1. System Introduction

1.1 CDMA Abstract

The CDMA mobile communication system has a channel hand-off function that is used for collecting the

information on the locations and movements of mobile telephones from the cell site by automatically controlling

several cell site through the setup of data transmission routes, and then enabling one switching system to carry

out the automatic remote adjustment. This is to maintain continuously the call state through the automatic

location confirmation and automatic radio channel conversion when the busy subscriber moves from the service

area of one cell site to that of another by using automatic location confirmation and automatic radio channel

conversion functions. The call state can be maintained continuously by the information exchange between

switching systems when the busy subscriber moves from one cellular system area to the other cellular system

area.

In the cellular system, the cell site is a small-sized low output type and utilizes a frequency allocation system

that considers mutual interference, in an effort to enable the re-use of corresponding frequency from a cell site

separated more than a certain distance. The analog cellular systems are classified further into an AMPS system,

E-AMPS System, NMT system, ETACS system, and JTACS system depending on technologies used.

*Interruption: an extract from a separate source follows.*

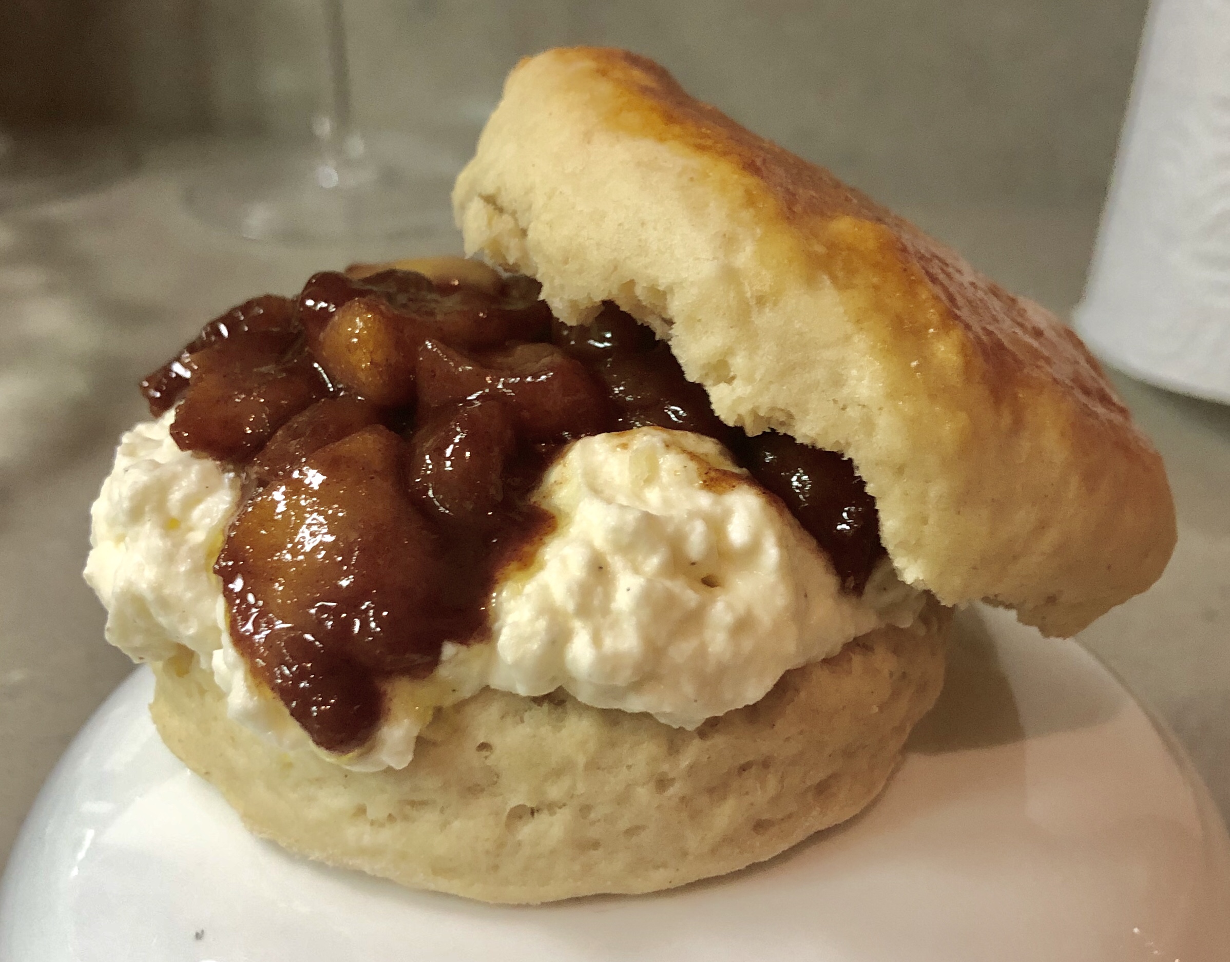 To serve the scones, just break in half and spoon on as much or as little of the cream and apples as you like.

Unlike the time division multiple access (TDMA) or frequency division multiple access (FDMA) used in the

band limited environment, the Code Division Multiple Access (CDMA) system which is one of digital cellular

systems is a multi-access technology under the interference limited environment. It can process more number of

subscribers compared to other systems (TDMA system has the processing capacity three times greater than the

existing FDMA system whereas CDMA system, about 12~15 times of that of the existing system).

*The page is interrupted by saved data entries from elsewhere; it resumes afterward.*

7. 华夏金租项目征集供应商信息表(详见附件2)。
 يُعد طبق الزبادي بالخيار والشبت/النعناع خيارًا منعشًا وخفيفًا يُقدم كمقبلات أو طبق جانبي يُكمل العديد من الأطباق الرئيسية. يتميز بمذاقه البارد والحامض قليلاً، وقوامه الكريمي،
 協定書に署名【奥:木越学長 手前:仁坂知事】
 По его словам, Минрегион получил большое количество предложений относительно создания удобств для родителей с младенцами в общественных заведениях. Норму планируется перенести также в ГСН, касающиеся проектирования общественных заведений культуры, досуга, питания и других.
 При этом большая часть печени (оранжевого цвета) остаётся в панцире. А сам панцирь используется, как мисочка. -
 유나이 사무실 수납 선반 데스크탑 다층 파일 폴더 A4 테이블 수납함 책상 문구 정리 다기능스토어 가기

CDMA system can be explained as follows; TDMA or CDMA can be used to enable each person to talk

alternately or provide a separate room for each person when two persons desire to talk with each other at the

same time, whereas FDMA can be used to enable one person to talk in soprano, whereas the other in bass (one

of the two talkers can carry out synchronization for hearing in case there is a bandpass filter function in the area

of the hearer). Another available method is to make two persons to sing in different languages at the same time,

space, and frequency when wishing to let the audience hear the singing without being confused. This is the

characteristic of CDMA.

On the other hand, when employing the CDMA technology, each signal has a different pseudo-random binary

sequence used to spread the spectrum of carrier. A great number of CDMA signals share the same frequency

spectrum. In the perspective of frequency area or time area, several CDMA signals are overlapped. Among these

types of signals, only desired signal energy is selected and received through the use of pre-determined binary

sequence; desired signals can be separated, and then received with the correlator used for recovering the

spectrum into its original state. At this time, the spectrums of other signals that have different codes are not

recovered into its original state, and appears as the self-interference of the system.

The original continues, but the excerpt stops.